Seasons
- ← 19691971 →

= 1970 Australian Drivers' Championship =

Motor racing competition

The 1970 Australian Drivers' Championship was a CAMS sanctioned motor racing title for drivers of Australian Formula 1 and Australian Formula 2 racing cars. The winner of the title, which was the fourteenth Australian Drivers' Championship, was awarded the 1970 CAMS Gold Star.

The championship was won by Leo Geoghegan driving a Lotus 39 Repco and a Lotus 59B Waggott.

==Calendar==
The championship was contested over six rounds with one race per round.

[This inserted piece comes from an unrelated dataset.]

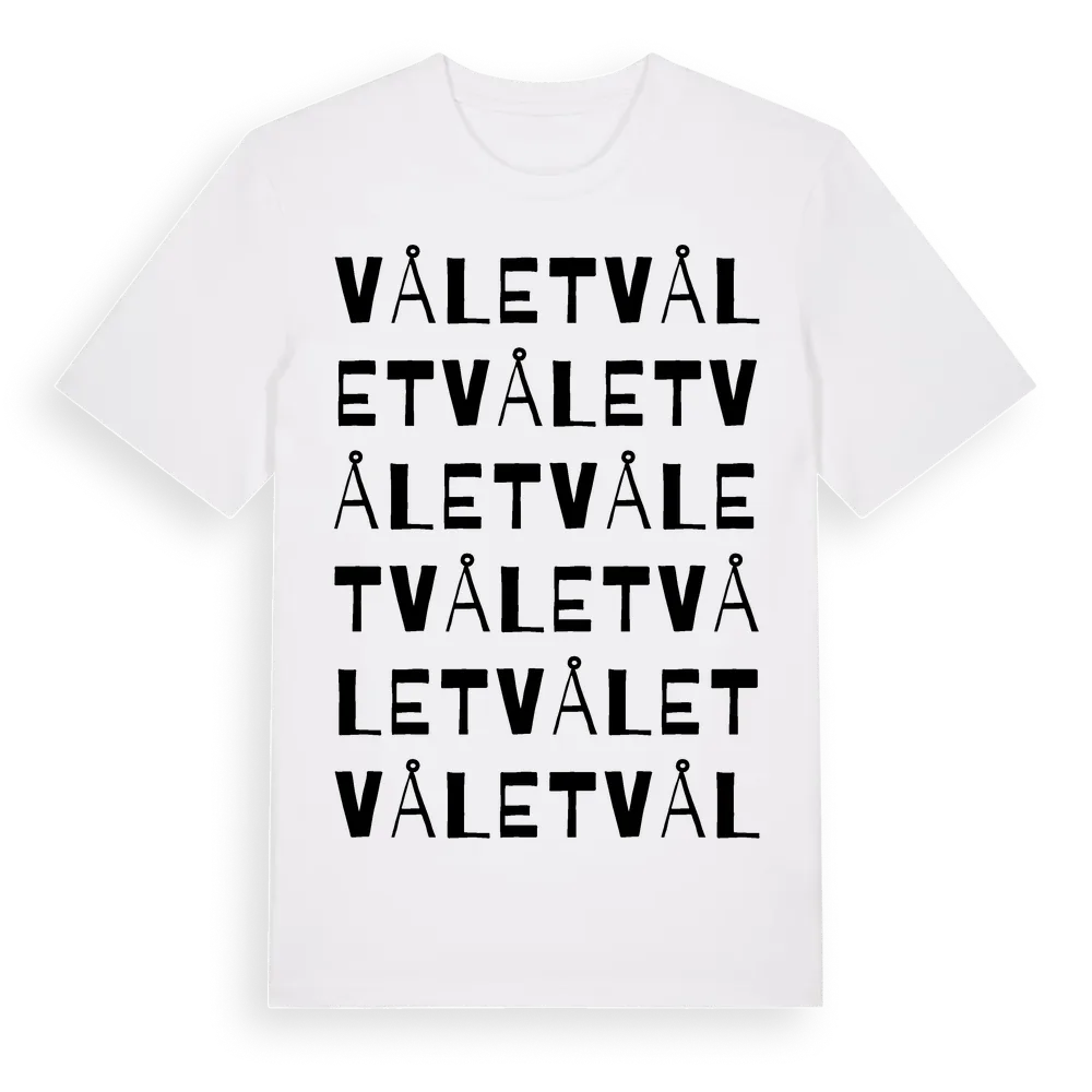 Vålet ordlek t-shirt är inspirerad av Vålet i Värmlands län, Sverige. Tröjan är designad för dig som har en speciell koppling till platsen – oavsett om du bor här, har rötterna här eller bara älskar Vålet.

| Round | Race name | Circuit | State | Date | Round winner | Car |
| 1 | Tasmanian Road Racing Championship | Symmons Plains | Tasmania | 2 March | John Harvey | Repco Brabham BT23E |
| 2 | Lakeside Governor's Trophy | Lakeside | Queensland | 7 June | Max Stewart | Mildren Waggott |
| 3 | Diamond Trophy | Oran Park Raceway | New South Wales | 28 June | Max Stewart | Mildren Waggott |
| 4 | Sam Hordern Trophy | Warwick Farm | New South Wales | 6 September | Leo Geoghegan | Lotus 59B Waggott |
| 5 | Victorian Trophy Gold Star 100 | Sandown | Victoria | 13 September | John Harvey | Jane Repco |
| 6 |  | Mallala | South Australia | 12 October | Leo Geoghegan | Lotus 59B Waggott |

==Points system==
Championship points were awarded on a 9-6-4-3-2-1 basis to the first six finishers in each round. Only the best five round results could be retained by each driver.

==Results==

| Position | Driver | Car | Entrant | Sym | Lak | Ora | War | San | Mal | Total |
| 1 | Leo Geoghegan | Lotus 39 Repco Lotus 59 Waggott | Geoghegan's Sporty Cars | 6 | - | 6 | 9 | 3 | 9 | 33 |
| 2 | Max Stewart | Mildren Waggott | Alec Mildren Racing Pty Ltd | 3 | 9 | 9 | - | - | 6 | 27 |
| 3 | John Harvey | Repco Brabham BT23E | Bob Jane Shell Racing Team | 9 | 6 | 1 | - | 9 | - | 25 |
| 4 | Garrie Cooper | Elfin 600D Repco | Elfin GT Harrison Racing Team | - | - | 4 | 6 | 6 | - | 16 |
| 5 | Malcolm Ramsay | Elfin 600C Repco | Elfin GT Harrison Racing Team | - | - | 3 | 3 | - | 3 | 9 |
| 6 | Bob Muir | Rennmax BN3 Waggott | Robert Muir Motors | - | - | - | 4 | 4 | - | 8 |
| 7 | Glyn Scott | Bowin P3 Cosworth Elfin 600 Waggott | Glyn Scott | 1 | 4 | - | - | - | - | 5 |
| John McCormack | Elfin 600C Coventry Climax Elfin 600C Repco | John McCormack | - | 3 | 2 | - | - | - | 5 |
| 9 | Kevin Bartlett | Mildren Mono Waggott | Alec Mildren Racing Pty Ltd | 4 | - | - | - | - | - | 4 |
| Barry Kirk | Elfin 600K Ford | Barjan Mobile Auto Electrics | - | - | - | - | - | 4 | 4 |
| Jack Bono | Repco Brabham BT2 Ford | Graham Collier Tools | - | 2 | - | 2 | - | - | 4 |
| 12 | Len Goodwin | McLaren M4A Cosworth | Pat Burke Racing Len Goodwin | 2 | 1 | - | - | - | - | 3 |
| 13 | Tony Stewart | Elfin 600B Ford | Paul England | - | - | - | - | 2 | - | 2 |
| Helene Bittner | Rebelle Ford | Helene Bittner | - | - | - | - | - | 2 | 2 |
| 15 | Ian Ferguson | Bowin P3A Ford | Ian Ferguson | - | - | - | 1 | - | - | 1 |
| Maurie Quincey | Elfin 600B Ford | Maurie Quincey | - | - | - | - | 1 | - | 1 |

Note: There were only five classified finishers at the Mallala round.